Ce projet a été annoncé en Décembre 2016, lors de la visite d’État du souverain marocain au Nigéria. En Mai 2017, des accords de coopération ont été signés à Rabat pour engager les deux parties à parrainer une étude de faisabilité (terminée en Juillet 2018) ainsi qu’une pré-étude des détails (FEED) rendue au premier trimestre 2019. En Juin 2018, des accords relatifs à sa construction sont signés à Rabat. Dans la phase de pré-études, il s’agit pour les États traversés et la CEDEAO de signer des accords relatifs à sa construction mais aussi de valider les volumes de gaz disponibles pour l’Europe et d’entamer les discussions avec les opérateurs du champ « Tortue » (ressources gazières) au large du Sénégal et de la Mauritanie (ces deux pays ont signé un accord en Décembre 2018 afin d’exploiter en commun le champ gazier Tortue-Ahmeyim) et approcher des clients européens.
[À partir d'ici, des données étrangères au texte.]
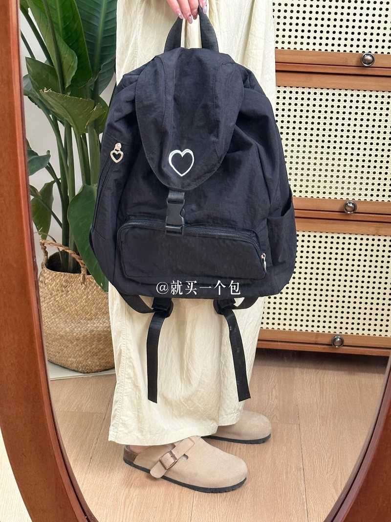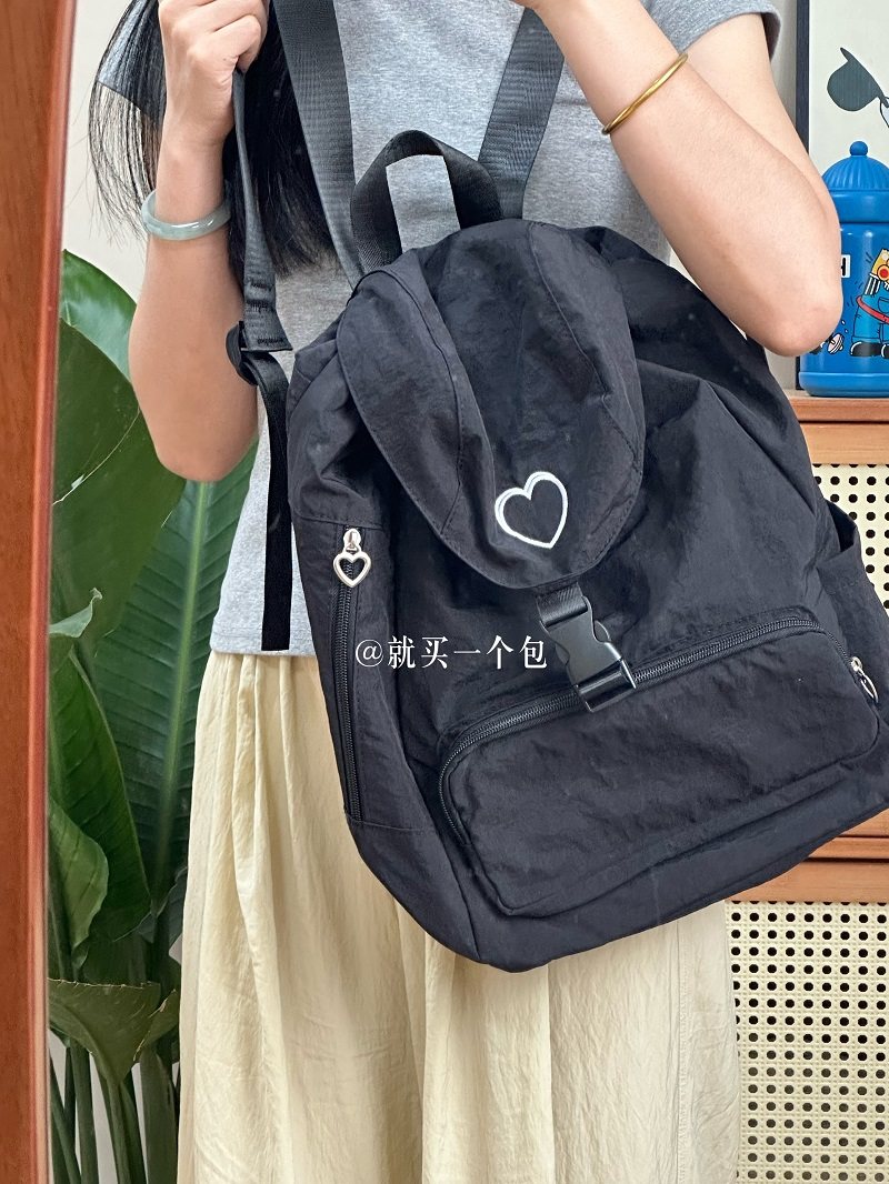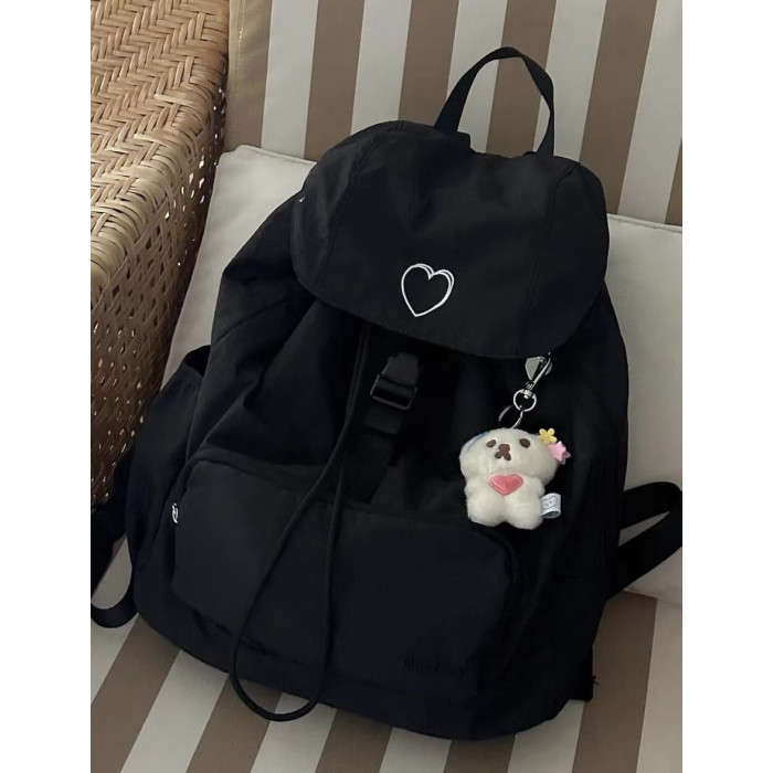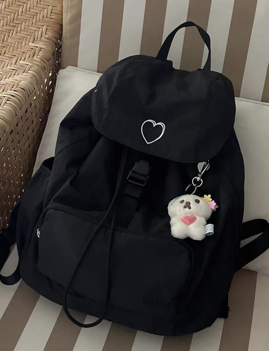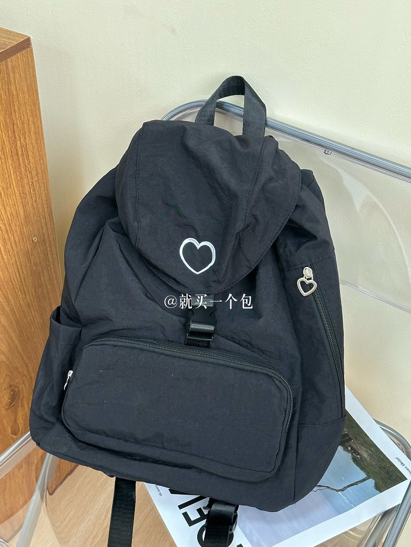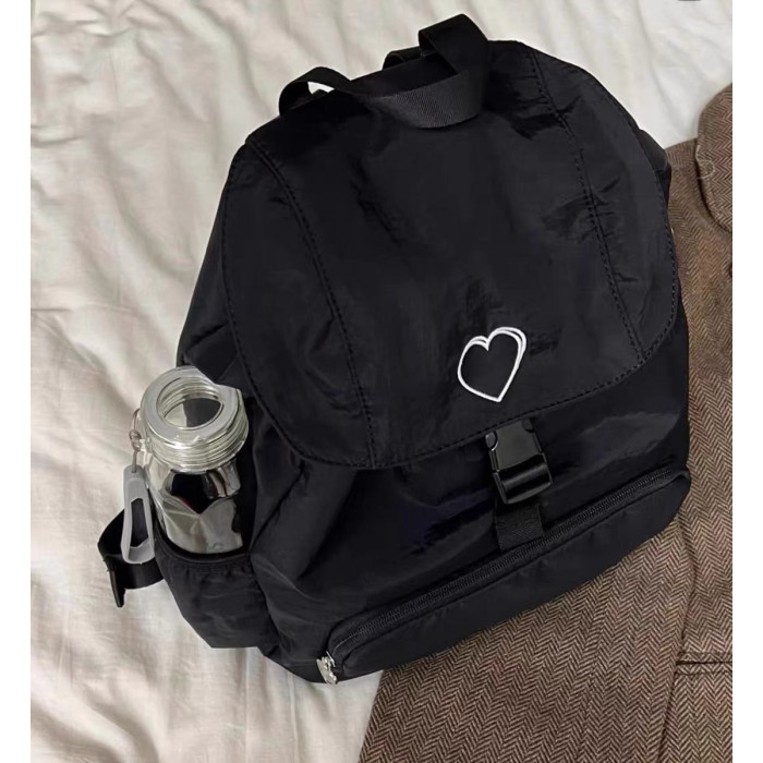 新款韓系愛心雙肩包後後背包小衆休閒輕便日常大容量尼龍雙肩旅行書包
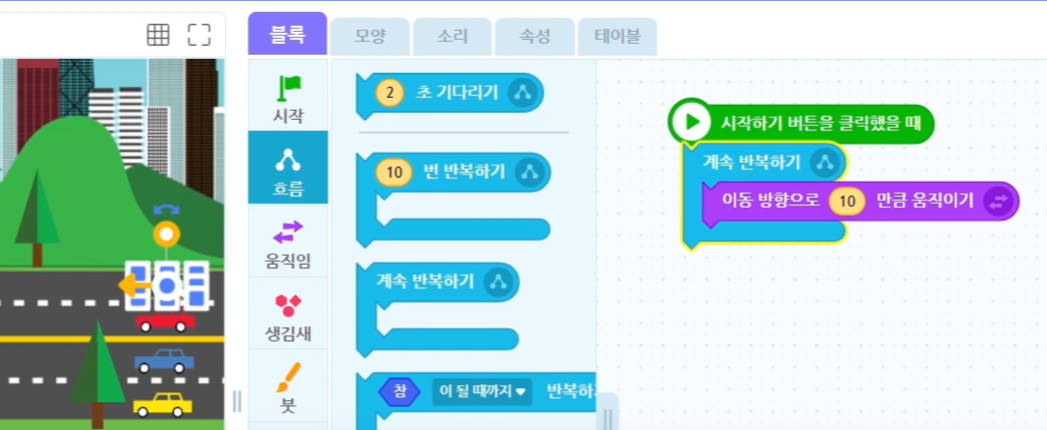 자동차는 왼쪽방향으로 이동방향을 사용해서 계속 움직이도록 만들어 줄 거랍니다.

Les différents acteurs du projet estiment que celui-ci permettrait de booster les industries régionales, soutenir la création de pôles industriels, faciliter l’essor des secteurs de l’industrie, de la transformation alimentaire et des engrais, mais aussi d’améliorer la compétitivité des exportations entre pays africains. Il permettrait donc à l’Afrique de l’Ouest de s’auto-suffire dans ces domaines-là.

Il faut rappeler également que ce projet de gazoduc s’inscrit après la découverte de gaz dans la province de l’Oriental Marocain, qui amène le Maroc à un plan gazier appelé « Gas to Power ». Différents acteurs sont mêlés autour de ce projet de gazoduc Maroc-Nigéria. Il a vu le jour sous l’impulsion tout d’abord du Maroc, à travers son souverain, Mohammed VI, et son Ministre de l’Énergie des Mines et du Développement durable, et du Nigéria à travers son Président, Muhammadu Buhari. Le Nigéria est le 22ème producteur mondial de gaz, 5ème exportateur dans le monde et premier en Afrique. La CEDEAO aura, elle, un rôle moteur dans la négociation des accords et l’encadrement de la construction du gazoduc dans la mesure où les États traversés par le gazoduc en font partie.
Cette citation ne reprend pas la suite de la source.